The DESIRE database provides a set of master alignments for every ribosomal protein. To produce the master alignment, amino acid sequences of species from the DESIRE database were aligned using PROMALS3D (45) and curated with MATRAS (46). In User upload mode ProteoVision accepts alignments in FASTA format (up to 2000 sequences) and external 3D structures in PDB format (containing a single protein chain). In both modes ProteoVision supports the mapping of structure-indexed custom data, uploaded as a CSV. All custom data uploaded by the user (alignment or CSV) is removed from the server after the user ends their session.

External APIs

ProteoVision uses several external API resources. Identification of relevant PDB structures in User upload mode is done with the aid of the NCBI-BLAST+ API from EBI, and in DESIRE mode with help of the riboXYZ API. Topology and 3D structures are retrieved through an API service supported by EBI (27).

Calculated data

ProteoVision calculates gap-adjusted amino-acid frequencies from alignments and uses those frequencies to compute physicochemical properties and phylogenetic conservation scores. By default, ProteoVision uses the clustered sequences, but the user has an option to use their original alignment for visualization and calculation of properties. ProteoVision supports calculation of physicochemical properties including (47) charge, (48) hydropathy, (49) hydrophobicity, (50) polarity and (51) mutability. Conservation within the clustered alignment is calculated as Shannon Entropy (52). In user upload mode, alignment sequences are clustered with CD-Hit (53–55), using a 90% identity threshold. Conservation scores that explicitly take into account evolutionary relationships between the aligned sequences (e.g. ConSurf or Zebra2 (25,56)) can be computed externally, imported, mapped and visualized with User upload mode. The conservation/divergence signal between the two pre-defined groups is calculated with TwinCons.

ProteoVision outputs

ProteoVision provides the ability to save all computed and visualized data in multiple formats. In addition to saving images from every applet, the web server can generate a PyMOL script that fetches the selected PDB ID, extracts the selected chain, and applies the colors for each calculated property. All calculated data and amino acid frequencies are available for download as a CSV file and the current alignment can be downloaded in FASTA format. Finally, ProteoVision can output a session file in JSON format. The session file stores information about the current alignment, structure, and calculated properties. This allows the user to restore a state of work and progress from a previously saved session file.

EXAMPLE APPLICATIONS

To demonstrate the utility of ProteoVision, we report three example applications. These examples illustrate the ability of ProteoVision to map custom data in the DESIRE mode and to link a custom alignment with a chosen 3D structure in the User upload mode. We provide external data files and session files for each example as supplementary datasets (Supp. Data S2–7).

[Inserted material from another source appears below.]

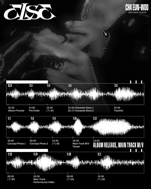 공개된 이미지는 차은우의 다크한 아우라가 단편적으로 담겨 몽환적이면서도 긴장감 있는 무드를 자아낸다. 또한 크고 작은 파동의 다이내믹한 음파 그래픽과 함께 다채로운 콘텐츠를 예고해 팬들의 기대감을 높였다.

Example 1: visualization of custom data for a ribosomal protein

Trypsin is a protease that cleaves a protein chain at a lysine or arginine residue. Here, we visualize the experimental results of trypsin proteolysis for uL22 of Escherichia coli, which is digested at positions 11 and 84 (57). The alignment of rProtein uL22 for all bacterial species in DESIRE database and its structure from E. coli (PDB 4V9D) are selected for sequence, topology, and 3D visualizations. Digestion results are uploaded to ProteoVision as a CSV file (Supp. Data S4), in which values for the digestion site residues are set to zero, and values for the remaining residues are set to 0.75. ProteoVision associates these data with a color palette and draws the color-encoded data on the bar-plot of MSAViewer as well as the structures within Topology and 3D viewers (Figure. 3 A–C). ProteoVision confirms that uL22 digestion occurs at the arginine residues 11 and 84. The 3D representation demonstrates that digestion sites are not buried within the uL22 core.

Figure 3.

Figure 3.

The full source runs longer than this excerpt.